- Rie!
- Rie!
- Rie!
Ryoko trzymał drobną postać w uścisku. Małą, zaniedbaną osóbkę, która właśnie umierała. Poczucie bezsilności oraz winy wlewały się hektolitrami do jego głowy, lecz jego oczy pozostawały suche. Nie potrafił nawet uronić kilku łez.
To on zaproponował, by została z nimi, a nie chowała się gdzieś, gdzie nie mogliby jej ochronić, gdyby ktoś ją zaszedł. A teraz okazało się, że kiedy była koło nich, to była zagrożona. Śmiertelnie zagrożona. I teraz umierała, ponieważ dwóch ninja (dwóch!) nie umiało jej ochronić.
Naruto przez pierwsze minuty tylko patrzył na ten okropny obraz. Potem powoli podszedł do swoich towarzyszy. Mieli razem wyjść z tej pułapki. Zrobili już to, co mieli zrobić. Jashiniści byli unieszkodliwieni. Teraz miało być już wszystko dobrze. W planach mieli stąd wyjść i wrócić na kontynent. A tak przynajmniej składało się z ich planów - Ryoko chciał zabrać Rie do domu, a Naruto zamierzał zająć się kolejną w a ż n ą sprawą.
Teraz chwilowo wydawało się to, no cóż, bezsensu.
Blondyn w ręce wziął śmiertelną iglicę - nasączoną silną trucizną, której zapach sprawiał, że chłopaka kręciło w nosie. Najwidoczniej nie wszystko wsiąkło w ciało Rie i pozostałości trutki dalej były na broni, którą Ryoko wyjął z jej ramienia.
Zmrużył lekko oczy, przyglądając się iglicy. Była jedną z najbardziej niepozornych i zabójczych broni ninja, jakie chłopak kiedykolwiek widział. Cienka, nieduża i taka połyskliwa. I jednocześnie twarda, ostra, szybka. Nadawała się idealnie do przebijania skóry, lecz jeśli nie trafiała na punkty witalne, to przeważnie nie zadawała silnych obrażeń. Seiko nimi rzucała i co więcej - umiejętnie trafiała w czułe punkty ciała człowieka. Wiedziała w jaki sposób rzucić, by iglica trafiła tam, gdzie zrobi szkodę. A to nie było łatwe. To była swego rodzaju okrutna sztuka.
Oczy Naruto otworzyły się na powrót szeroko. Obraz lekko mu się rozmazał, kolory zawirowały radośnie, jakby zadowolone z tego, że przejęły władzę nad jego ślipiami. Blondyn (lekko zirytowany) szybko zamrugał, a kolory musiały częściowo ustąpić i wrócić na swoje miejsca. Chłopak spojrzał na Rie, którą tulił brat.
I złapał dziewczynkę za chudą rękę.
Ryoko nie powiedział ani słowa. Nie widział nadziei i rozumiał, że Naruto (mimo krótkiego kontaktu z nim i dziewczynką) również pragnie się pożegnać i być przy tej drobnej istocie, gdy uchodzi z niej życie. Młoda, mała Rie...
*
Następnego dnia trzy postacie opuściły bazę jashinistów. Dwóch chłopaków trzymało mniejszą od siebie postać ze jej ręce.
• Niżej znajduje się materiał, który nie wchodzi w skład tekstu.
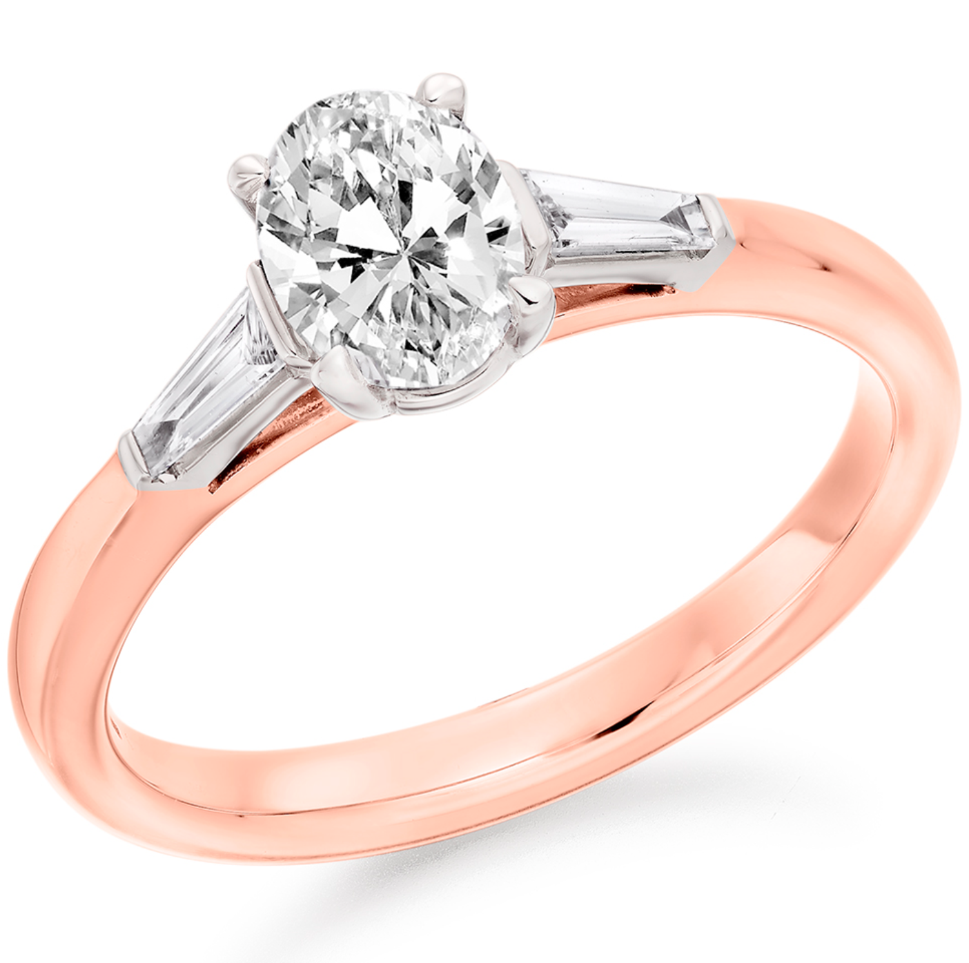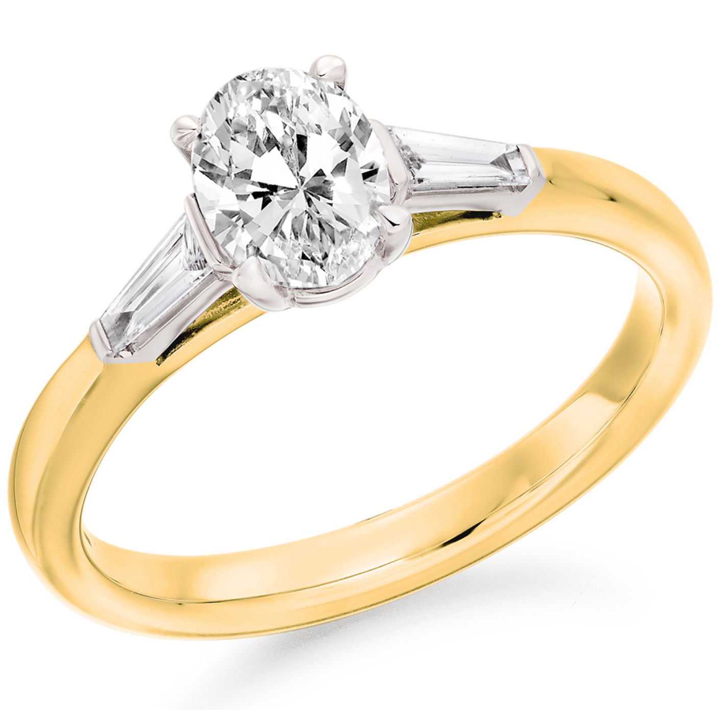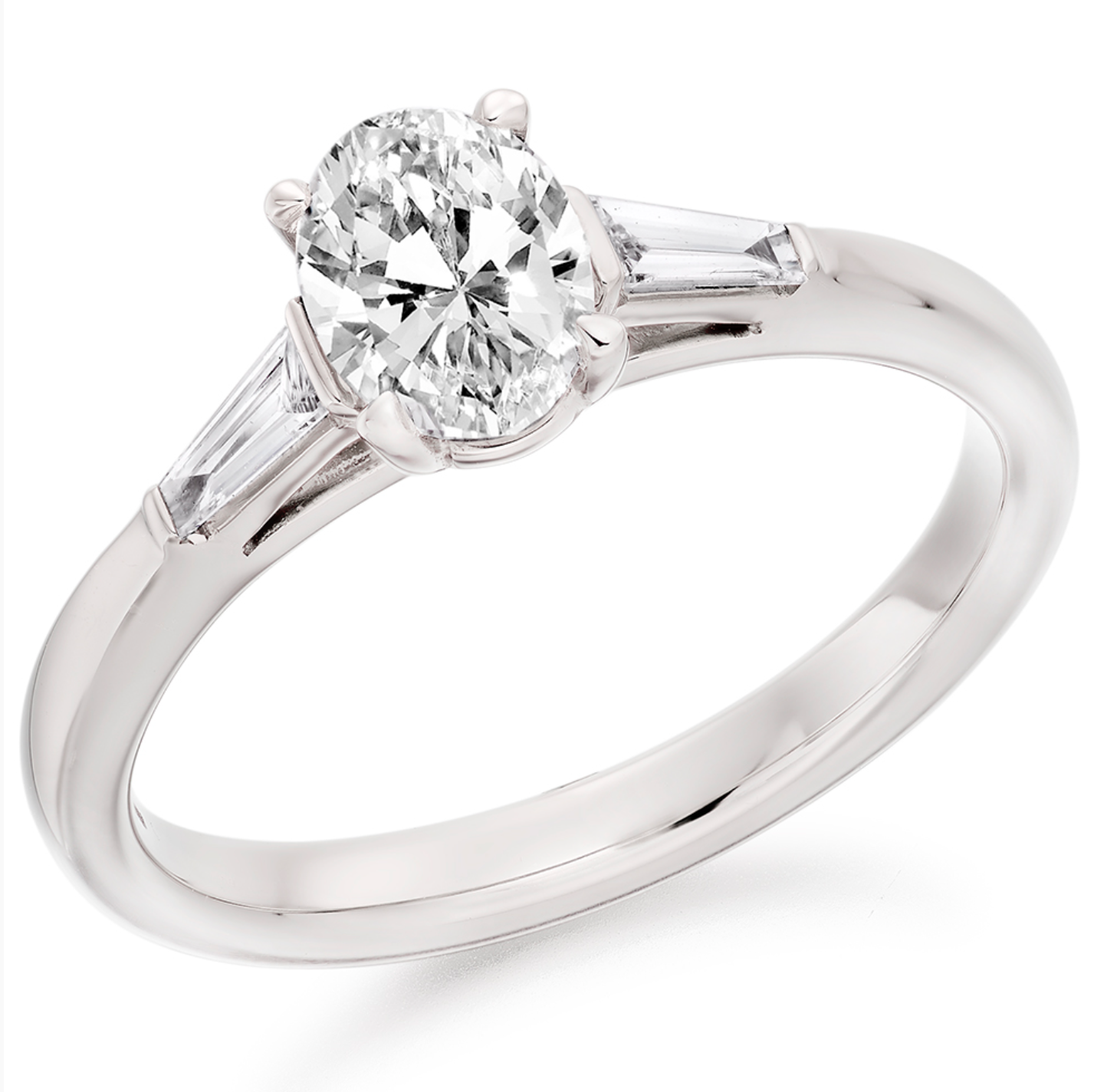 0.93ct total diamond weight Oval and Tapered Baguette cut trilogy engagement ring with plain shoulders. The setting is claw set and bar set.
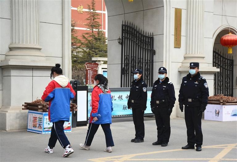 派出所民警在校園門(mén)口執(zhí)勤(蘭州日?qǐng)?bào)供圖)
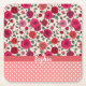 Colourful and fun pattern features dusty pink dots border, pretty pink and red roses pattern block and text band to personalise with name or greeting in modern white script font.
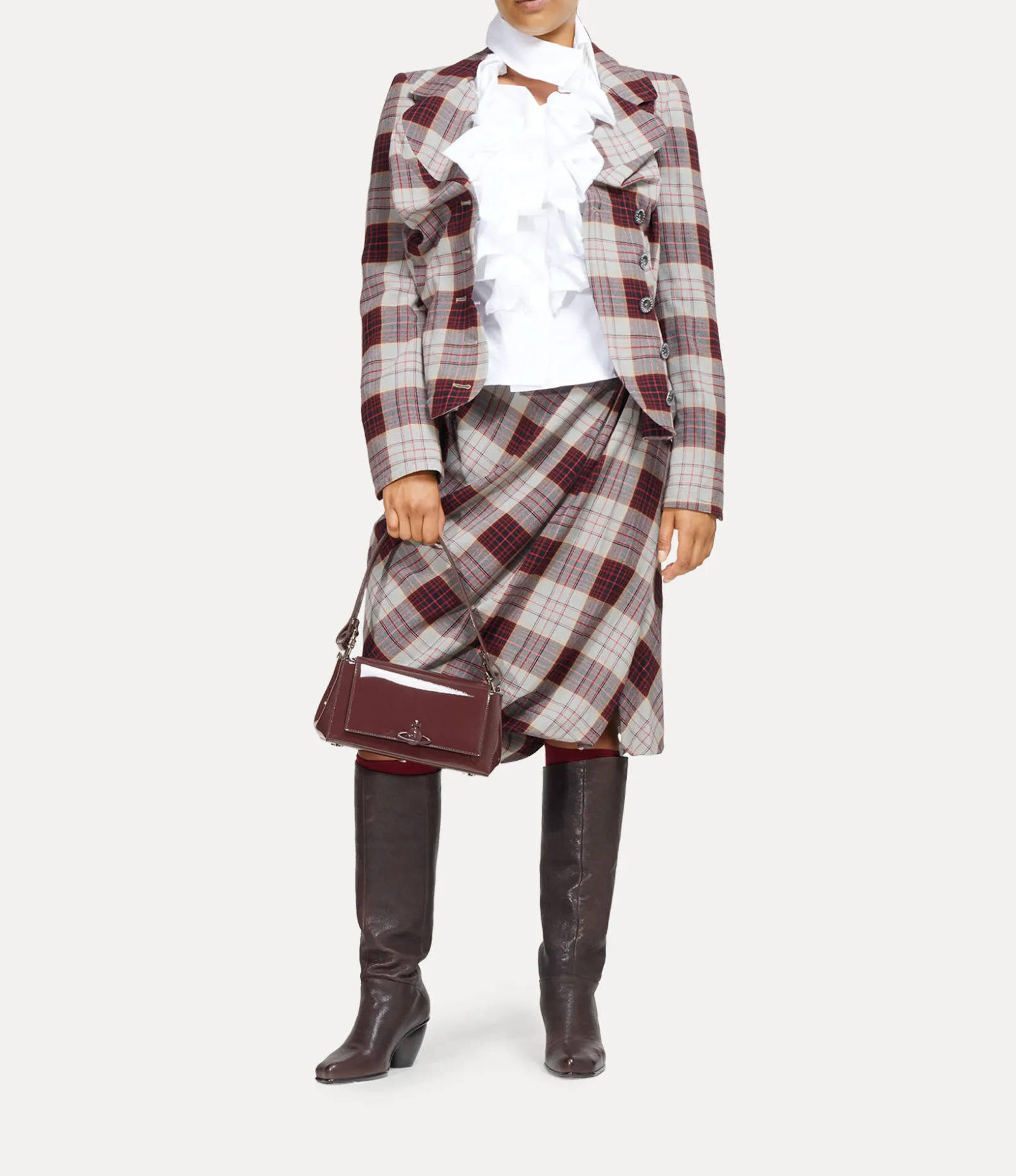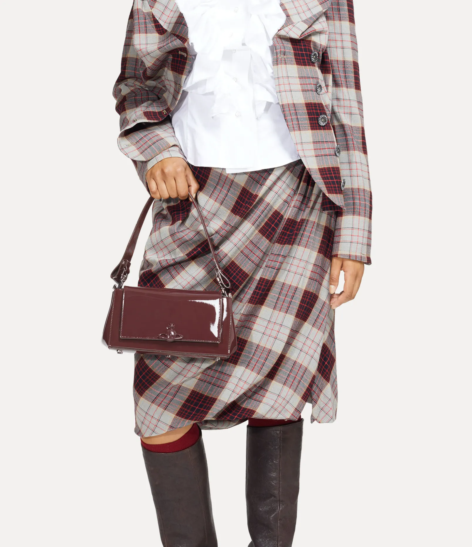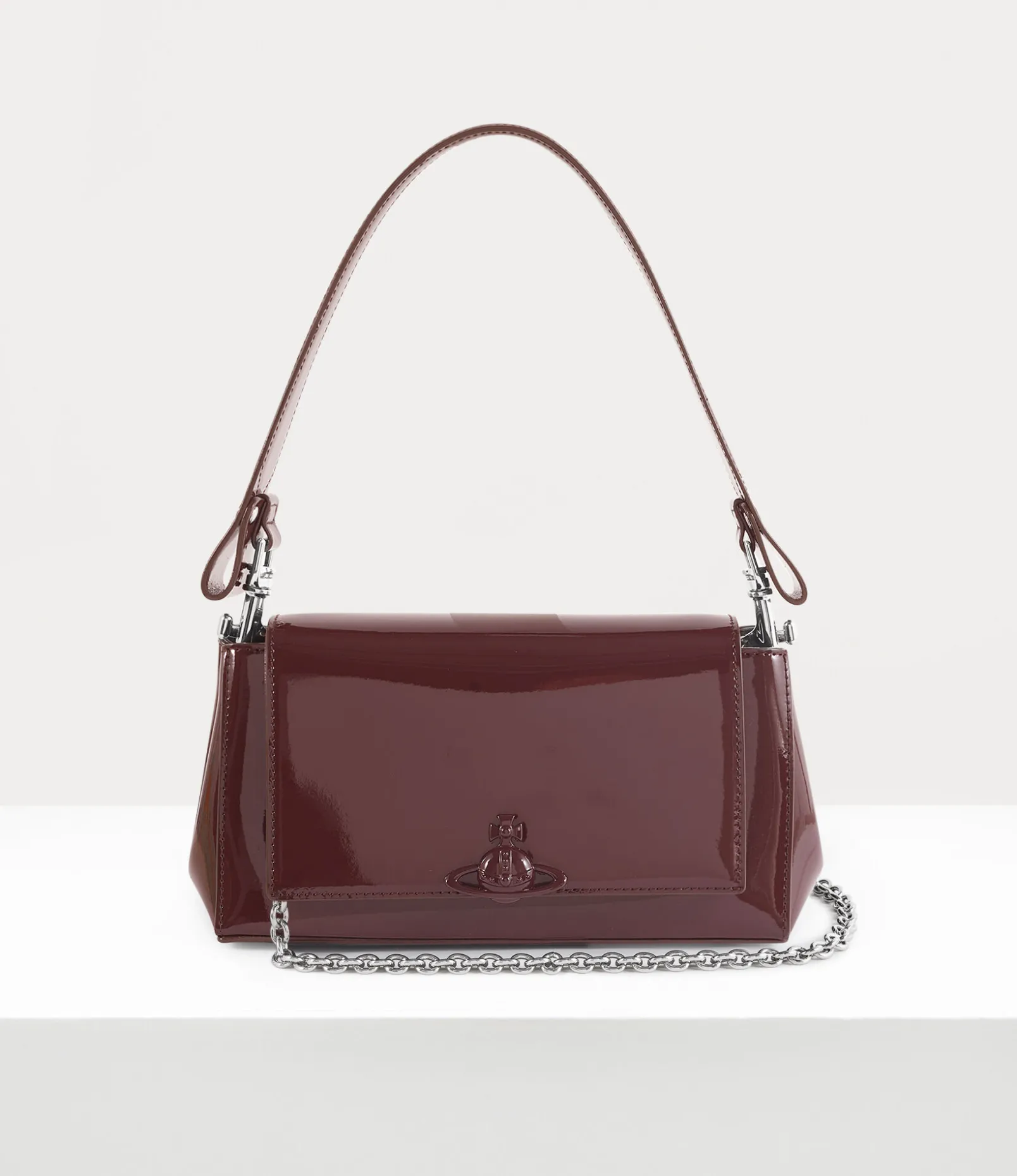 Our Medium Hazel handbag features an all-over patent finish, reminiscent of the liquid latex and rubberwear sold in our iconic SEX boutique, now known as Worlds’ End. The piece is enhanced by our enamel orb branding on the magnetic fastening, evoking Vivienne’s vision of launching tradition into the future, complete with a soft cotton lining.

A życie, co ciekawe, dalej się w niej tliło.
Rie brała głębokie wdechy, które napełniały jej płuca cudownym powietrzem, a potem wypuszczała je, gdy się tego domagały. Dla dziewczynki tak długo zamkniętej w ciemnym pokoju, normalny świat wydał się czymś nierealnym. Mimo że znajdowali się w Kraju Wody, gdzie wilgotność, mgła i deszcz stanowiły istne jestestwo tej ziemi - to Rie wydał się ten krajobraz najpogodniejszy i najradośniejszy od wszystkich, które dotychczas widziała w całym swoim życiu. A miała już dwanaście lat!
Może i słońce umyślnie schowało się za gęstymi, szarymi chmurami, które przykryły się mgłą. Może i pogoda zwiastowała kolejną ulewę. Może i ziemia była podmokła, a każde otarcie o drzewo czy paprotkę kończyło się mokrymi plamami na ubiorze. Może i Rie lekko zadrżała, gdy poczuła smagnięcie świeżym, wilgotnym powietrzem. Może i wszystko prezentowało się posępnie, a każdy normalny człowiek zechciałby jak najszybciej uciec do swojego domostwa i skryć się przed tą ponurą aurą. Ale dzisiejszego ranka (wręcz paradoksalnie) Naruto, Ryoko i Rie byli szczęśliwi. Starsi chłopcy patrzyli uważnie na kruchą dziewczynkę, która uśmiechała się wesoło i oddychała tak, jakby robiła to pierwszy raz w życiu - smakowała tego niezwykłego doświadczenia, które miało stać się na powrót jej chlebem powszednim. Patrzyła na drzewa, mech, paprocie i... i była zachwycona.
CZYTASZ
Daleko [Naruto]
أدب الهواةNie zawsze wszystko toczy się tak, jak my byśmy sobie tego życzyli. Naruto Uzumaki doskonale przekonał się o tym na własnej skórze, gdyż w jego przypadku pytanie brzmiało: "Co może pójść po myśli?". Odpowiedź nigdy zadowalająca nie była, ale chłopak...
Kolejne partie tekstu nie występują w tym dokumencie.